Pull from Snowflake on Amazon AWS

Snowflake is an analytic data warehouse that is fast, easy to use, and flexible. Snowflake uses a SQL database engine that is designed for the cloud. Snowflake can provide tables as a data source to Amperity.

Snowflake can provide data to Amperity in the following ways:

  1. Stages configured in Snowflake

  2. Sharing directly with Amperity

This topic describes the steps that are required to pull databases and tables to Amperity from Snowflake:

  1. Get details

  2. Configure Snowflake objects

  3. Configure Snowflake storage integration

  4. Configure Snowflake tables

  5. Get sample CSV files

  6. Add feed

  7. Add courier

  8. Run courier

  9. Add to courier group

Get details

Snowflake requires the following configuration details:

  1. The username and password.

    Tip

    Most users are configured with an initial password that must be changed. Create the user, manually change the password, and then use the updated password to configure this data source.

  2. The IAM access key and secret key for the dedicated IAM role for use by Amperity.

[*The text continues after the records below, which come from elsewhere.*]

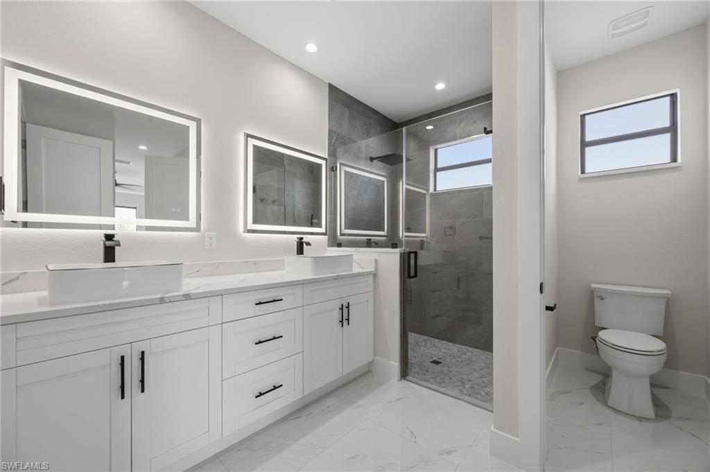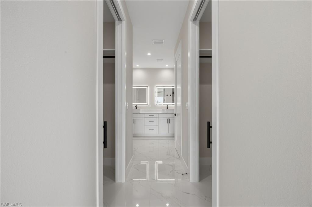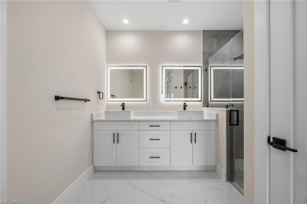 The spacious primary suite offers a private retreat with beautiful pool views, dual walk in closets with custom built ins, and a spa inspired bathroom featuring double vanities, LED mirrors, and a walk in shower with glass enclosure. Two additional guest bedrooms with built in closets share a well appointed full bathroom.
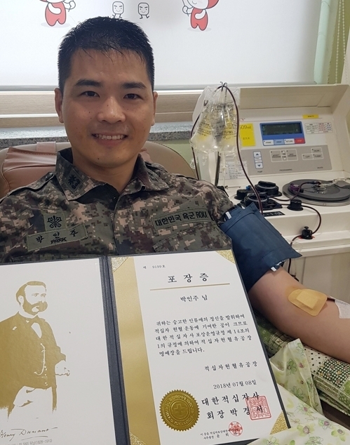 박 소령은 지난 11일에는 광주 북구 용봉동 전남대 후문 헌혈의 집에서 101번째 헌혈을 했다. 박 소령은 “200회를 넘어 300회 헌혈에도 도전하겠다”고 포부를 밝혔다.
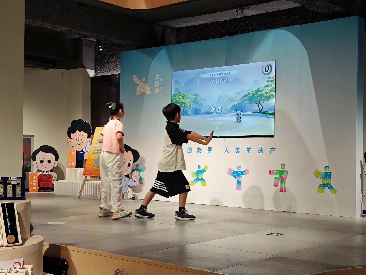 而在互动体验区域,孩子们跟着屏幕练习太极拳的场景,也吸引了团队成员的目光。孩子们一招一式,认真模仿,将太极拳的韵味展现出来。这不仅是对传统武术的传承,也让大家看到非遗文化在青少年群体中焕发出的生机与活力。

  3. The Amazon Resource Name (ARN) for a role with cross-account access. (This is only required when a role with cross-account access is in use.)

  4. The account name.

  5. The region in which Snowflake is located.

    Note

    The Amperity instance of Snowflake should be located in the same region as the customer’s instance of Snowflake.

  6. The stage name.

  7. A list of table names in the Snowflake database to be pulled to Amperity.

    Tip

    Download each table from Snowflake as a CSV file with UTF-8 encoding, and then use it as a sample file during feed creation.

Snowflake secure data sharing

Snowflake secure data sharing is not enabled by default. If your organization wants to use secure data sharing, your instance of Snowflake must be in the same region as the Amperity instance.

Amperity supports the following regions:

Cloud platform

Regions

Amazon AWS

aws-us-west-2

aws-us-east-1

Microsoft Azure

az-us-east-2

Note

If your region is not listed you may make a request through your Amperity representative for Amperity engineering to add support for that region.

Configure objects

Amperity requires access to the customer’s instance of Snowflake. This requires narrow read permissions to a warehouse object in Snowflake via a role and a user.

The following objects must be created in the customer’s instance of Snowflake:

The role must be granted permission to the warehouse via GRANT USAGE and the user must be added to the role via GRANT ROLE.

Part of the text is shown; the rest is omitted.